Mapping tools available in GeneNetwork. At the top of the pull-down menu, there are three buttons that can be selected to analyze data using the three mapping tools. We currently recommend using both Haley-Knott Regression and GEMMA together to gather the best results.
After choosing the appropriate mapping method, click compute. The next screen will show LRS scores, suggestive levels, significant levels, and frequency of LRS peak values. The LRS value, the likelihood ratio statistic (http://gn1.genenetwork.org/glossary.html#L), is a value that measures the association between the gene variation and the trait of interest (Parker et al., 2017). The suggestive and significant LRS threshold values are generated by permutations, as mentioned above. The suggestive threshold provides an empirical p-value of 0.63: this level will yield an overage of one false positive per genome-scan. These peaks are worth investigating, for example, if several linked phenotypes have a suggestive locus at the same position, then the position may be significant when the traits are analyzed jointly. The significant threshold is a LRS value with a genome wide empirical p-value of 0.05 (Mulligan et al., 2017). For our trait, the chromosome containing the highest peak is chromosome 1 (Figure 7). In this case, the peak passes the significant LRS value, which means that there is a less than 5% chance that there is not linkage between the phenotype and this locus. Therefore, this locus warrants further investigation.
QTL map of the whole genome of the BXD mice in this data set with peaks according to association with the phenotype being tested. The grey line indicates the suggestive LRS values, with a p-value = 0.63 (one false positive per genome scan), as determined by permutations of the data. The red line indicates the significant LRS value (p-value = 0.05), which for this dataset is an LRS value of 18.43. The blue line shows the linkage between the trait and that position along the genome. The orange/green line represents the additive effect. The yellow bar shows the frequency of the LRS peak location from 2000 bootstraps of the data.

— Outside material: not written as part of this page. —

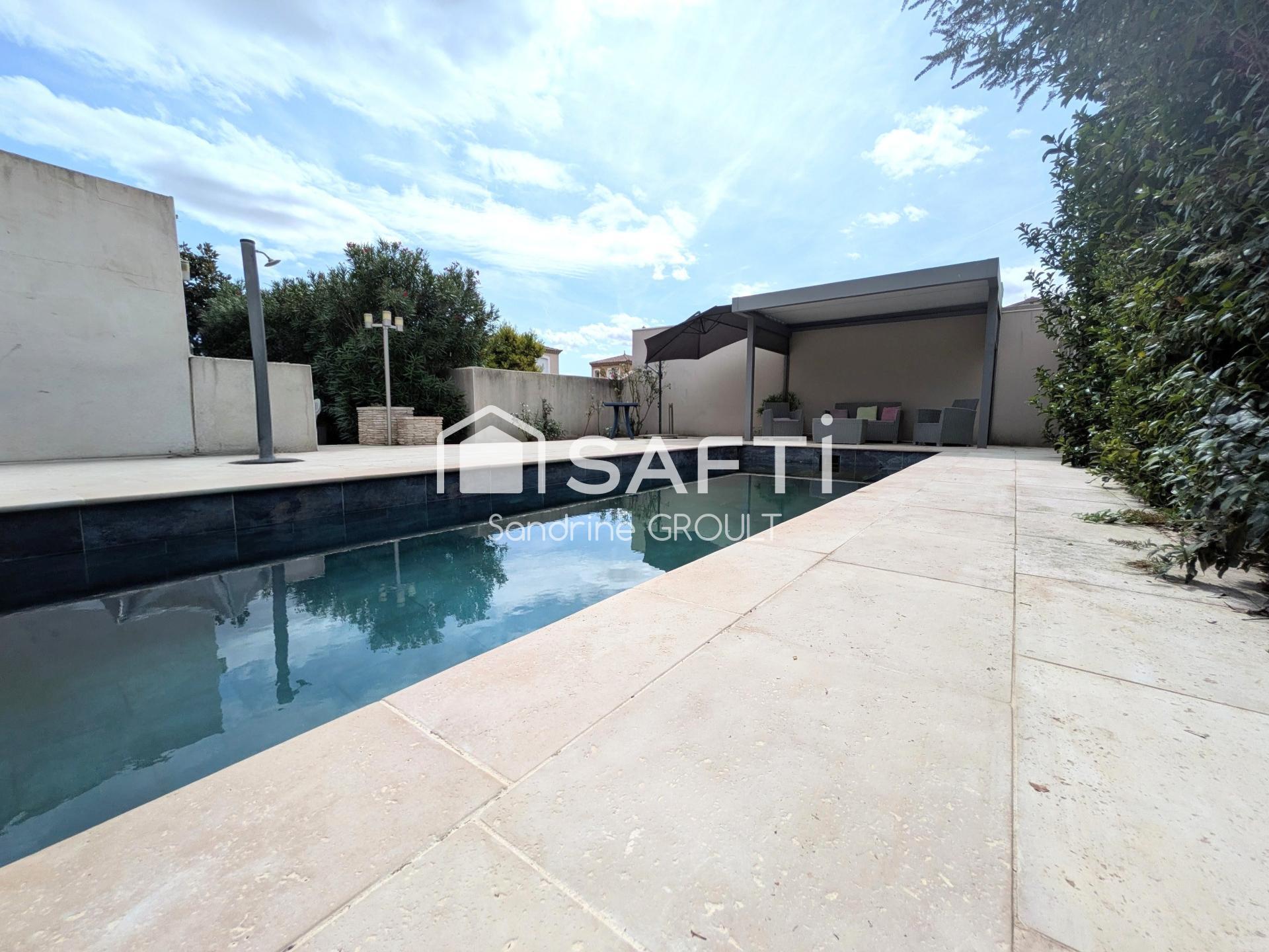AGREABLE VILLA PLAIN PIED 126m², 4 CHAMBES+ BUREAU avec PISCINE et GARAGE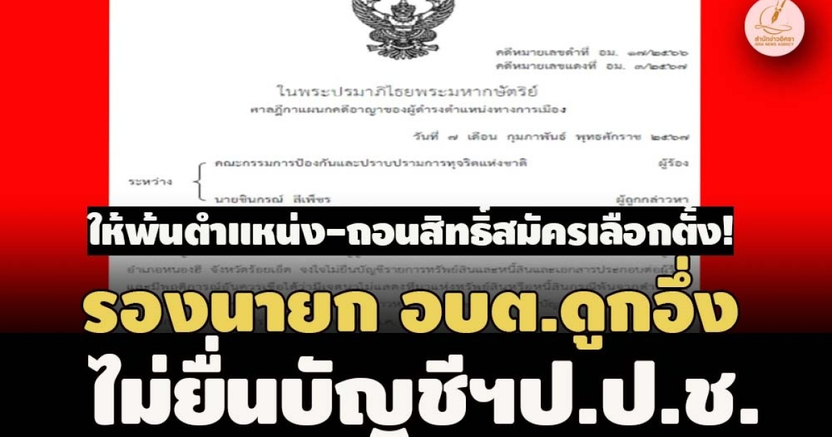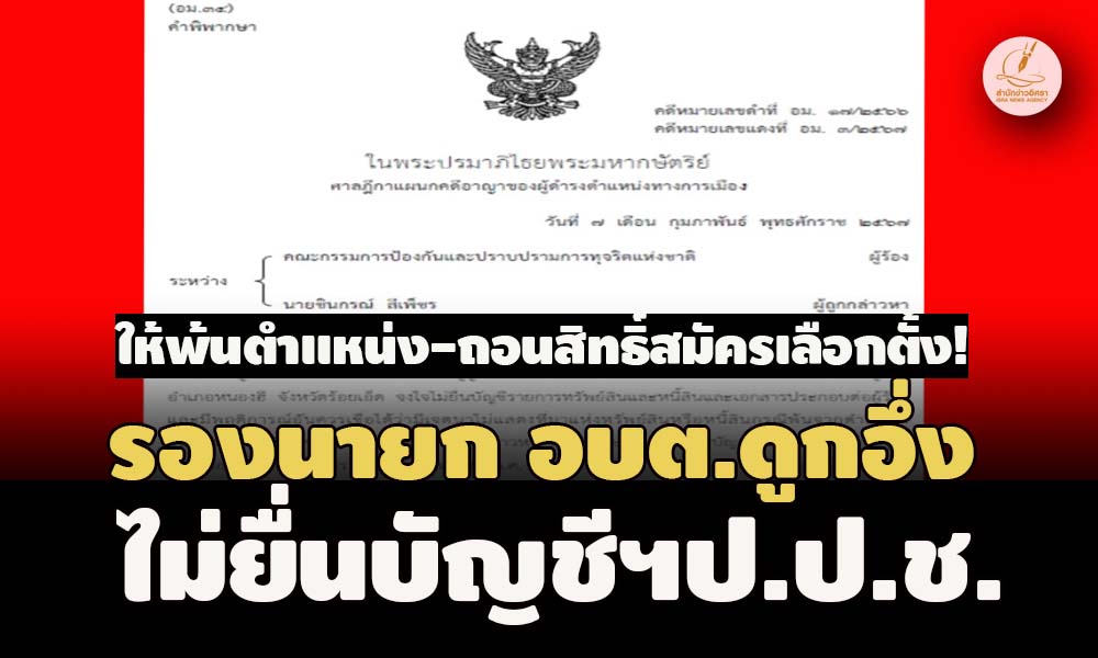 - ศาลฎีกาฯสั่งเพิกถอนสิทธิสมัครรับเลือกตั้งตลอดชีพ นายก ทต.ขวาว จงใจไม่ยื่นบัญชีฯ

We can zoom in to chromosome 1, by clicking on the chromosome number at the top of the QTL map. In this view (Figure 8), individual genes can be observed. The multicolored bars at the top of the figure are individual genes, and the orange dashes on the bottom are the SNP density in that region. The blue line shows the LRS score at that position along the chromosome, and the yellow bar indicates the area with the greatest frequency of highest LRS score in a bootstrap analysis. For a closer look, the red bar on the top of the figure can be selected to zoom in to that region. Similarly, a specific region can be requested by selecting the chromosome and start and end positions at the top of the page. With this focused view, we can now determine the 1.5 LOD drop interval. The 1.5 LOD drop interval is a commonly used threshold to determine the region of the genome with > 95% confidence as containing the causal variant (Manichaikul et al., 2006). LOD = LRS/4.61, and therefore the 1.5 LOD drop threshold is equal to an LRS drop of 6.915. Our peak LRS is 24.026, and so the extent of the locus is determined by the first marker to fall below an LRS value of 17.111. Using this method, we can determine that the 1.5 LOD drop interval runs from the beginning of chromosome 1 to 14.8 Mb.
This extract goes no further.